I've used Ashampoo Winoptimizer for years. You can customize it and it doesn't break anything.


----------



## dpsdz (Apr 15, 2020)

Once CCleaner killed my Windows. Since then, I have been wary of such software.


----------



## NekujaK (Apr 15, 2020)

I know some folks have reported issues, but I've been using CCleaner on multiple PC's and versions of Windows for about 10 years with no issues.


----------



## toomanynotes (Apr 21, 2020)

Thanks guys!!!


----------



## Pictus (Apr 21, 2020)

I do not use CCleaner, but the free BleachBit 


Clean Your System and Free Disk Space | BleachBit






In preferences I enable the "Download and update cleaners from community (winapp2.ini)"





For Google Chrome, do not enable LOGS or it will conflict with some extensions.


----------



## vitocorleone123 (Apr 23, 2020)

I use Wise diskcleaner - only the safe stuff, not indepth analysis etc. Never had any issues with it to date. I always set a restore point, make a backup (Macrium Reflect Home), etc. before using any such software.

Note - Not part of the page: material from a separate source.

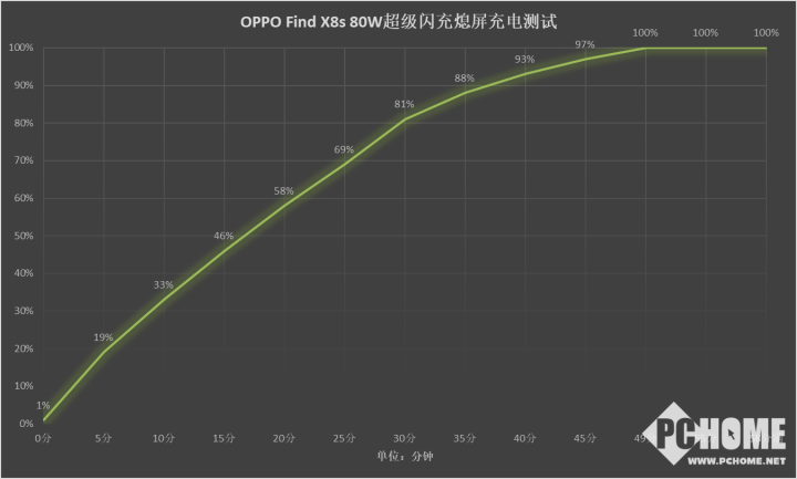 快充方面,OPPO提供了80W有线快充和50W无线快充。实测有线充电15分钟即可充到46%,30分钟充至81%,此时就能用很长时间了。49分钟系统显示100%电量。无论是快速补电还是满电出行,充电速度都非常让我们满意。Find X8s还提供了10W无线反向快充,应急时刻能够为配件充电,还支持磁吸充电。

I never "clean" my registry using software - I have been burned on that before! HORRIBLE nightmare when the Windows registry gets corrupted.


----------



## leo007 (Apr 27, 2020)

I use 3 tools in combination:
1. windows build-in Disk Cleanup
2. Revo-UNinstaller
3. CCleaner

Manually:

Empty those folders
c:\Windows\Prefetch\
c:\Windows\SoftwareDistribution\
c:\Windows\Temp\
c:\Users\[*YourUserName*]\AppData\Local\Temp\

also check for Software leftovers after uninstall
c:\Users\[*YourUserName*]\AppData\Roaming\
c:\Users\[*YourUserName*]\AppData\Local\


----------